There's typically no need to balance (read: sacrifice) positive vs. negative observations anywhere in the evaluation procedure. If you want to ensure that the scoring metric is balanced—in that it weighs positive and negative cases equally, regardless of their distribution in the real world—then perform balancing in the scoring function, not the data. That way, you'll have a balanced metric which makes use of all observations.

Here's an example which applies to scoring metrics which can be decomposed as a sum of errors over individual observations. Partition the set of validation observation indices $D = \{1, 2, \dots, n \}$ into positively labeled observations and negatively labeled ones: $D_{+}, D_{-}$, respectively.

$$ \begin{align} \text{plain error} &= \frac{1}{|D|} \sum_{i \in D} \text{err}(\hat{y}_i, y_i) \\ \text{balanced error} &= \frac{1}{2} \Bigg( \frac{1}{|D_{+}|} \sum_{i \in D_{+}} \text{err}(\hat{y}_i, y_i) \Bigg) + \frac{1}{2} \Bigg( \frac{1}{|D_{-}|} \sum_{i \in D_{-}} \text{err}(\hat{y}_i, y_i) \Bigg). \end{align} $$

For an example of re-weighing a slightly more complex metric, see my answer here. It performs re-weighing for the Area Under the Precision-Recall Curve (AUPRC).
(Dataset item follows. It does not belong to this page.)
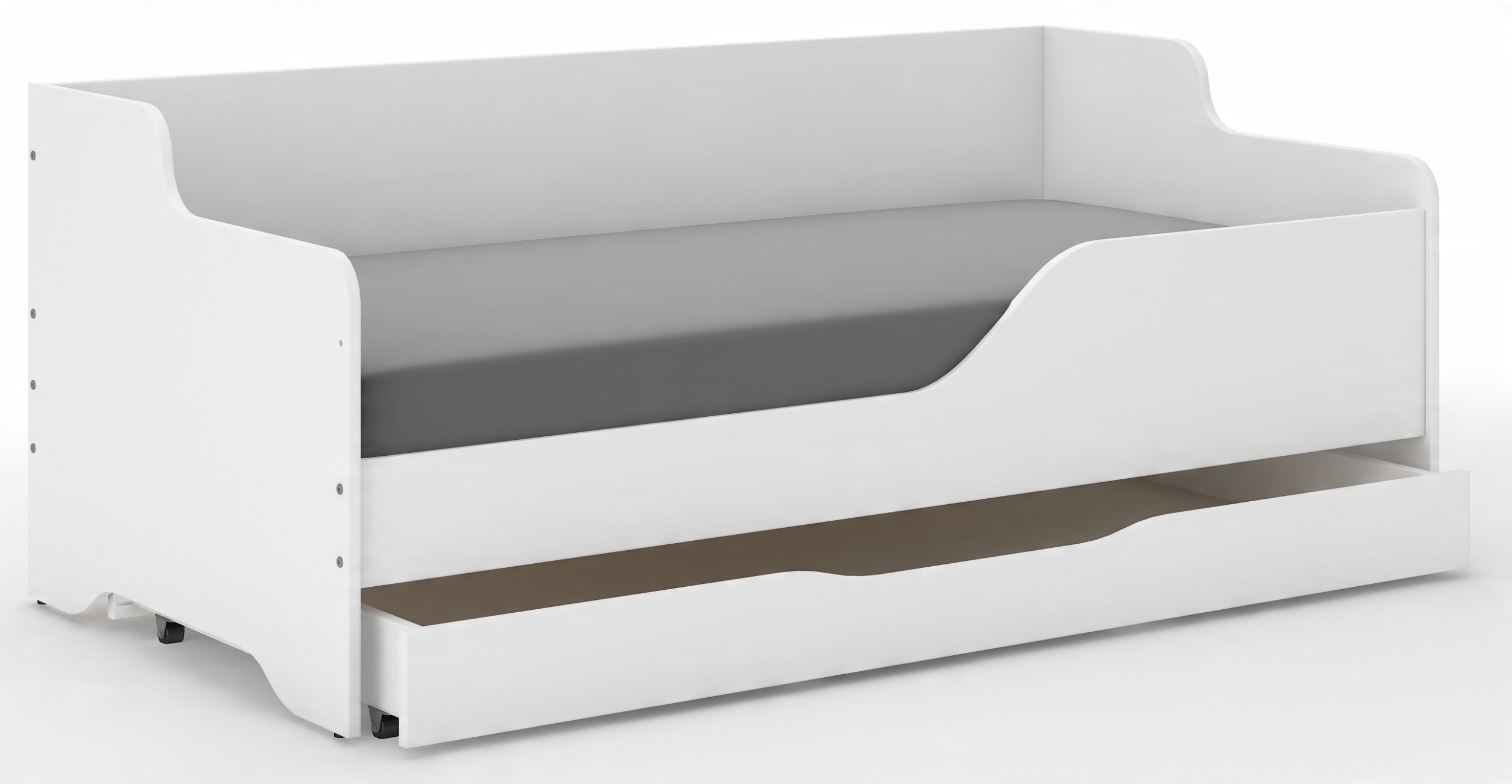 - Бічні частини ліжка покриті ПВХ шпоном, який ефективно захищає від пошкоджень.

It's important to keep in mind that balanced scores are not always desirable. For example, if your dataset is a large random sample and has class imbalance, and the costs of poor predictions are equivalent across classes, then a balanced scoring metric is wrong; it over-emphasizes the smaller class because it's less prevalent, not because it's more important. The weights of observations during evaluation is determined completely by costs related to the model's application, not their class' prevalence in the data distribution. Here's a question containing links and answers speaking to this principle.
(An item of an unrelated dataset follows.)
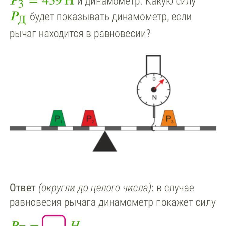 Дан невесомый рычаг, на одной стороне которого находятся два противовеса, их вес равен Р1 = 69 Н и Р2 = 85 Н. На второй стороне рычага находится противовес Р3 = 439 Н и динамометр. Какую силу будет показывать динамометр, если
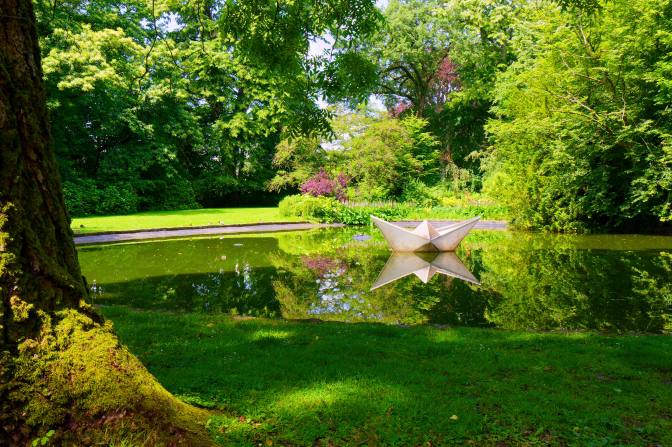 Petit bateau (imitation papier) sur l’eau du deuxième étang. (Juin 2024)

But say you know that you want a balanced score, and it's difficult to modify the scoring metric to achieve equal weighing over classes. In this case, you need to balance data. From the whole sample, the validation split should be (randomly) subsampled. Say that this validation split contains $n$ positive observations and $m$ negative observations, and $n < m$. Then randomly subsample $n$ of the $m$ negative observations, and score the metric on these $2n$ observations. This procedure seems to be option (2) in your question. The benefit of option (2) over option (1) is not that fewer observations are dropped; in both options, 1000 observations won't be evaluated on. The benefit is that you don't disturb the empirical distribution of classes in the training split. In option (1), the training class distribution will be biased wrt the 1:3 ratio.

chicxulub
  • 1,420